Having a chronic and debilitating but non-life-threatening illness is frustrating and at times humiliating. For me, it's migraines and chronic fatigue.
I've been to every kind of doctor, both traditional and alternative for years. I've tried every treatment available to rid me of this disorder to no avail.
I remember life before migraines loomed so large in my life, and I really miss it. I miss feeling comfortable enough for a car ride, or having the energy and good spirits to visit a friend or have a friend over.
Most of all, I really dislike how so many people simply don't understand how this chronic condition hampers me so much.
When the migraines first started, they came infrequently, and didn't affect my life very much. However now that they are an almost daily occurrence, it affects everything in my life.
I'm hesitant to make any firm plans with friends or family, because I've had to cancel out so many times. This is frustrating for those members of friends and family, but I too am frustrated.
Of course, many people who do not have migraines think of them as simply really bad headaches. They have no idea that it's a full body experience. There's not only the head pain, but there are visual disturbances, and vertigo sometimes verging on dizziness, and oh, the nausea.

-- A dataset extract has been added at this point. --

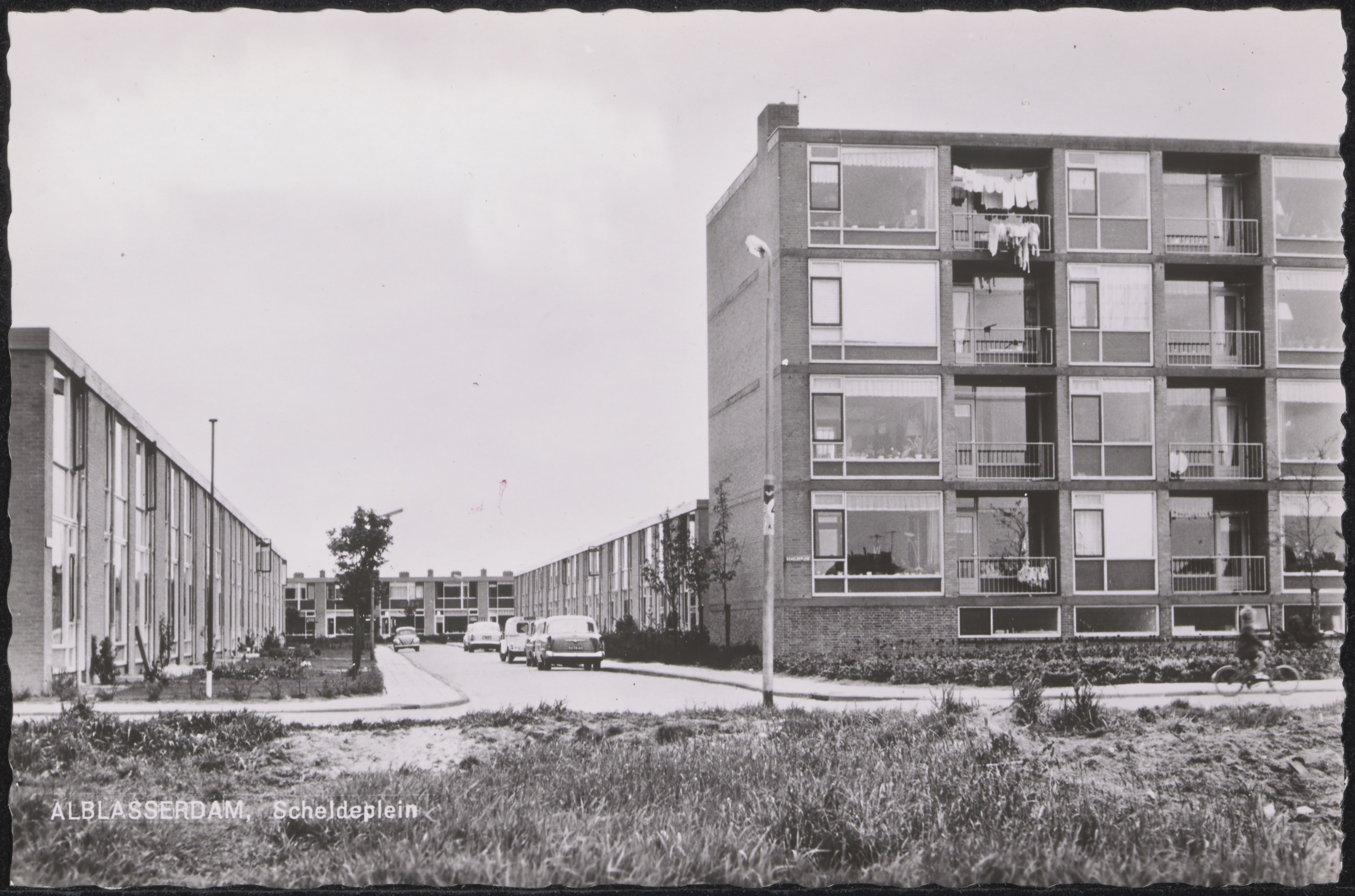 - De Eksterstraat vanaf de Rijnstraat/Scheldeplein in Alblasserdam.

If it were just a bad headache, believe me, I'd be delighted! It's the attendant discomfort that really gets to me. It's hard to even contemplate going for a car ride when I already feel more than carsick.

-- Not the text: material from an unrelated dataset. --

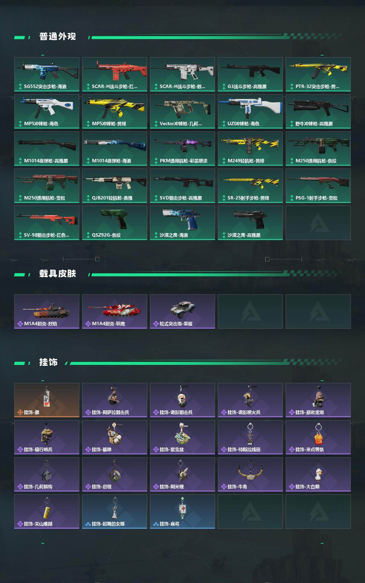 【稀有外观】:AKM突击步枪-肃杀,QBZ95-1突击步枪-公平竞技,K416突击步枪-一帆风顺,M7战斗步枪-前沿科技,M7战斗步枪-捣蛋鬼,SG552突击步枪-2026,SG552突击步枪-贴花艺术,SCAR-H战斗步枪-荣耀列队,腾龙突击步枪-前沿科技,腾龙突击步枪-冰天雪地,MP5冲锋枪-弄臣,MP5冲锋枪-虎啸,MP5冲锋枪-哈夫克卫队,P90冲锋枪-黄昏,P90冲锋枪-捣蛋鬼,Vector冲锋枪-先锋,UZI冲锋枪-亚特兰蒂斯,野牛冲锋枪-前沿科技,SMG-45-行动开启,SMG-45冲锋枪-幻影结构,SMG-45冲锋枪-天网,勇士冲锋枪-前沿科技,勇士冲锋枪-冰天雪地,M1014霰弹枪-幻影结构,M249轻机枪-冰天雪地,M250通用机枪-前沿科技,QJB201轻机枪-哈夫克卫队,Mini-14射手步枪-荣耀列队,SKS射手步枪-弄臣,SR-9射手步枪-街头涂鸦,G18-前沿科技,G18-星链科技,G18-哈夫克航天

The worst though is when people who are close to me start to believe that it's "all in my head", or that I'm faking it to get out of a function or a get-together.
I can tell you that this is not the case. Yet I've lost friends over it. That I understand. It's hard to be friends with someone you can't count on. What has hurt me is having family members who refuse to understand my state and are judging me.
I honestly try to start out each day with a positive outlook, and I try to be as cheerful as I can be, but sometimes, it's just not easy.
And then there's the guilt. I would love to be able to do more, not only around the house, but out and about in the world. Some days, I just can't do certain things and even though I know that I can only do what I am able to do, guilt creeps in.
Also, there is the guilt of knowing that there are so many people who are fighting life-threatening conditions, yet seem to be more active than I am.
I know that many of you who read this are living with some debilitating chronic conditions. I wonder if any of you experience the same thoughts feelings or frustrations.
If you've read this far, thank you. I just needed to get some of those thoughts off my chest. I am not looking for sympathy from anyone. I would like a bit of understanding though.
'Til tomorrow, my friends. Much love to all.